Dr. Weeks’ Comment: More than two decades ago, I subscribed to The Journal of Irreproducible Results which, by publishing outlandish (and irreproducible) papers in a scientific manner, targeted “hypocrisy, arrogance, and ostentatious sesquipedalian circumlocution”. My favorite JIR paper described the “anti-depressant” effect noted by staff at an inpatient gero-psychiatriy ward at Dartmouth when an elderly, senile gentleman with a libido and playful spirit both exceeding his capacity for judgment, began “goosing” elderly women on the ward. His groping the ladies had the quite remarkable effect of raising the mood and reducing “clinical depression” on the ward. This, of course, constituted an irreproducible result which nonetheless was worth of publication in the JIR.
Now we learn that most publications in uber-respected peer-reviewed scientific journals are also…. get this…..irreproducible! You hear me correctly. Irreproducible! Why is this shocking? Because the sine qua non of science is that it embraces a methodology which allows for confirmation and reproducible findings. If the findings are not reproducible – the very same findings which dictate how billions of dollars are spent in the name of health care – then logic suggests some degree of both the following to be true: 1) the paper which was published was based upon fraudulent science or 2) the methodology was sloppy. In either case, this is an all-hands-on-deck”, 5- bell alarm which the NIH and all government funding sources must attend to. That is, if they are committed to serving science and not simply marketing agents for Big Pharma.
Here is a summary of the problem:
“…The recent questions raised about the reproducibility of biological and medical research findings is forcing scientists to embark on a soul-searching mission. It is likely that this journey will shake up many long-held beliefs. But this reappraisal will ultimately lead to a more rigorous and reliable science..”

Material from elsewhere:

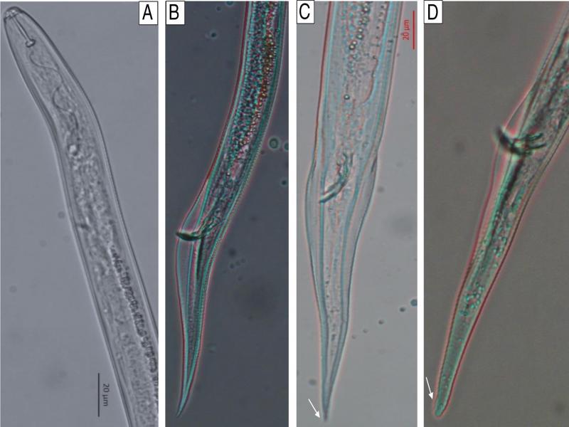 Hirschmanniella dicksoni n. sp. male: (A) Anterior region; (B, C, D) tail region (arrows: pointed and round tail terminus). Scale bars in A, B, C, D = 20 µm.
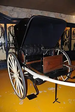 A tilbury is a light, open, two-wheeled carriage, with or without a top, developed in the early 19th century by the London firm of Tilbury, coachbuilders in Mount Street, London[1][2] (see also Stanhope (carriage)). A tilbury rig is little more than a single "tilbury seat"—the firm's characteristic spindle-backed seat with a curved padded backrest— mounted over a raked luggage boot, and fitted with a dashboard and mounting peg, all on an elaborate suspension system of curved leaf springs above the single axle. The tilbury has large wheels for moving fast over rough roads. A tilbury is fast, light, sporty and dangerous:

Here is the paper which describes the problem.
(Thanks to Dimitri for sharing this with me!)
SUNDAY, SEP 1, 2013 07:30 AM PDT
Cancer research in crisis: Are the drugs we count on based on bad science?
A paper finding that important experiments can’t be reproduced suggests new drugs could be based on bad science
The cancer researchers Glenn Begley and Lee Ellis made a rather remarkable claim last year. In a commentary that analyzed the dearth of efficacious novel cancer therapies, they revealed that scientists at the biotechnology company Amgen were unable to replicate the vast majority of published pre-clinical research studies. Only 6 out of 53 landmark cancer studies could be replicated, a dismal success rate of 11%! The Amgen researchers had deliberately chosen highly innovative cancer research papers, hoping that these would form the scientific basis for future cancer therapies that they could develop. It should not come as a surprise that progress in developing new cancer treatments is so sluggish. New clinical treatments are often based on innovative scientific concepts derived from pre-clinical laboratory research. However, if the pre-clinical scientific experiments cannot be replicated, it would be folly to expect that clinical treatments based on these questionable scientific concepts would succeed.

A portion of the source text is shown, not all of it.